От бензиновых паров у Рычагова перехватывает дыхание, от потери крови начинает кружиться голова. Он пытается приподнять очки, но топливо обжигает глаза. "Странно, что меня никто не добивает"…
Где-то рядом застучали взревел пулемёт.
"Нет, это не пулемёт… по звуку больше похоже на пушку, что стоят на новых "ишаках", но точно не "швак". Наши подоспели? Японец бы не промахнулся… Лететь пока не закончиться топливо, главное режим мотора не менять, а то полыхнет мокрый от бензина комбинезон"…
Чихнув, останавливается двигатель и в туже секунду, как спичка, вспыхивает кабина и ожигающее пламя бьет в лицо пилота. Руки лётчика, бросив ручку управления, закрывают лицо, самолёт клюет носом, сваливается на крыло и, как огромный болид, устремляется к земле. Рычагов вытягивает себя на руках наверх, изо всех сил упираясь в бортики, и, ничего не видя перед собой, вываливается из кабины. На вытяжном кольце парашюта остаётся кусок обожжённой кожи, а над головой потерявшего сознание пилота, глухо хлопает шёлк раскрывшегося купола.

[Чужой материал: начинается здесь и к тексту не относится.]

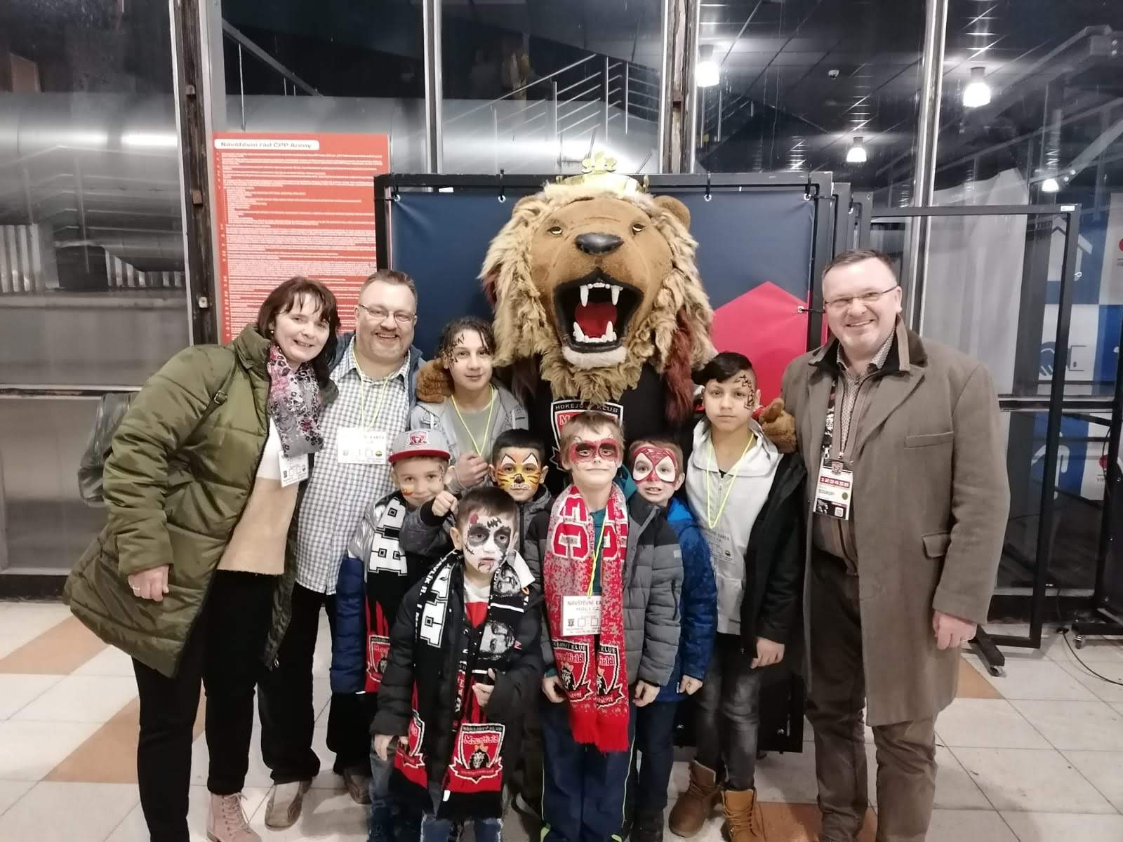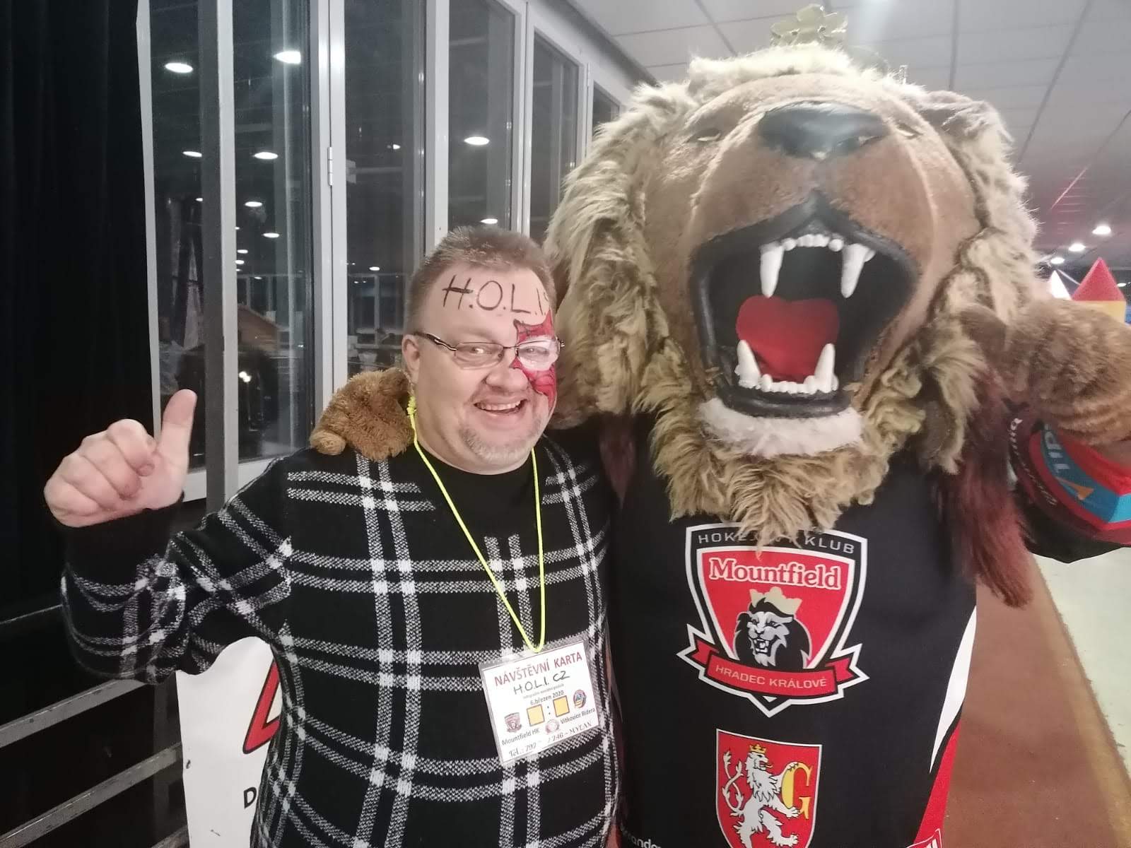 V průběhu večera se našim dětem věnoval místopředseda představenstva místního hokejového klubu Mountfield HK, p. Ing. Martin Soukup, který pro všechny o přestávce zajistil občerstvení na přání každého. Nakonec se všichni aktéři a pomocníci vyfotili s maskotem místního klubu - lvíčkem Mountym.
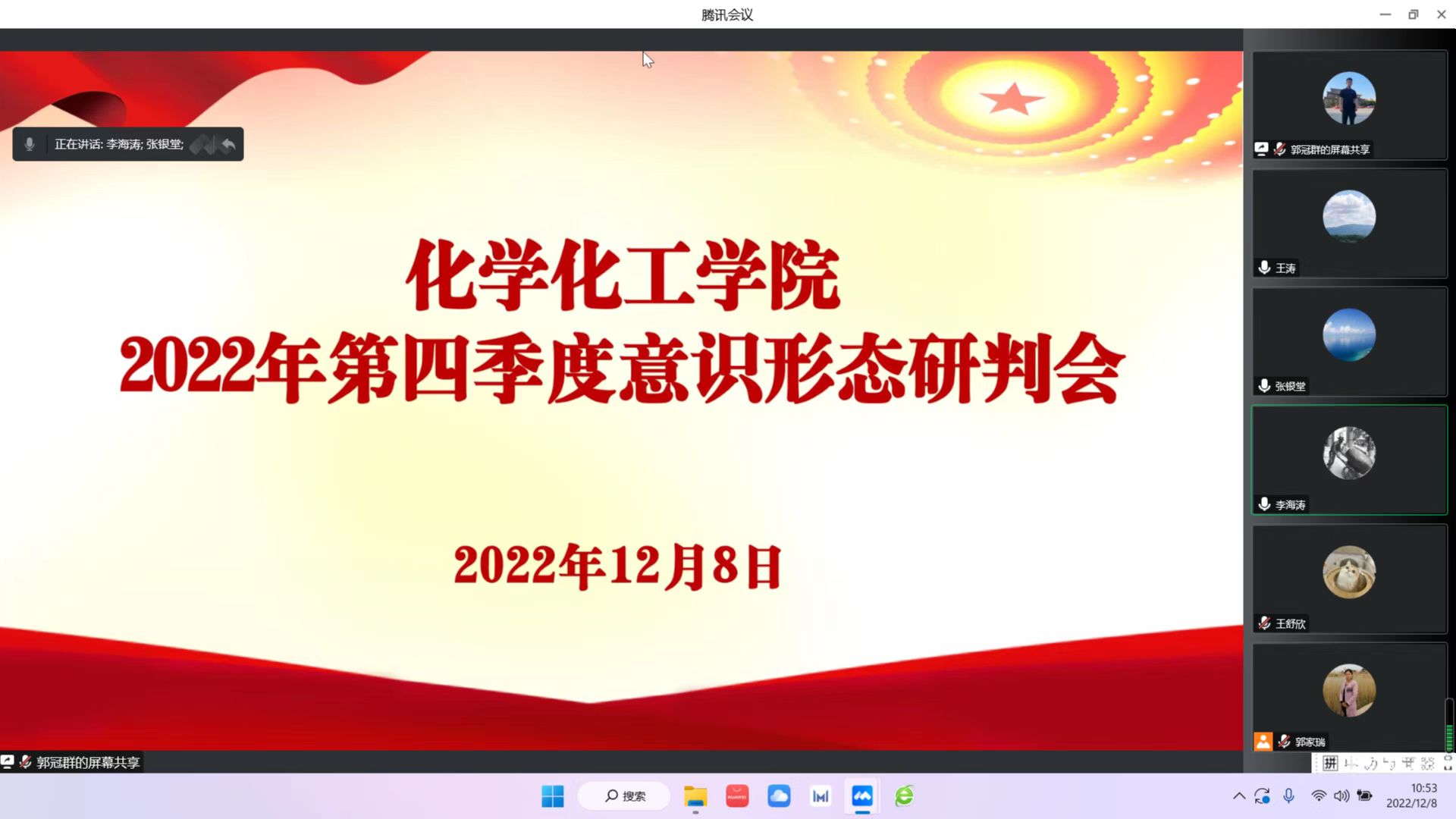 李海涛在听取大家发言后进行了总结,并对明年的意识形态工作提出要求,一是加强理论学习,突出思想引领。深入学习宣传贯彻党的二十大精神,全面加强思想道德建设。二是管好“五个阵地”,彰显党性原则。继续管好课堂、科研、宣传、网络、员工五个阵地,确保不出现任何问题。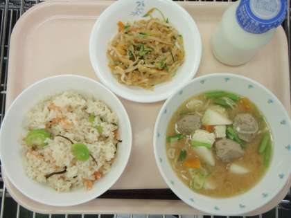6月8日 桜エビとそらまめのごはん 駿河汁 糸寒天のごま酢あえ 牛乳
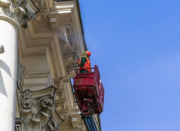 Здания, расположенные вдоль дорог с интенсивным движением, промывают по всему периметру, а постройки внутри кварталов — частично. На наиболее загрязненных участках применяют специальные моющие средства. Пену оставляют на 10–15 минут для растворения грязи и копоти, затем поверхности смывают водой. Работы проводят только при плюсовой температуре.

– Товарищ капитан, – к командиру роты огнемётных танков Борисову спешит его комвзвода Анисин, – вода в реке поднимается, уже на полметра по сравнению с ночным уровнем. Не пройдут теперь мои танки, воздухозаборную трубу зальёт.
– Чёрт, – Борисов расстроенно стучит рукой по броне крайнего танка с трубой, похожей на поднятый перископ подводной лодки, – Петрович, придумай что-нибудь, на том берегу наши ребята-танкисты из 11-ой танковой помощи ждут…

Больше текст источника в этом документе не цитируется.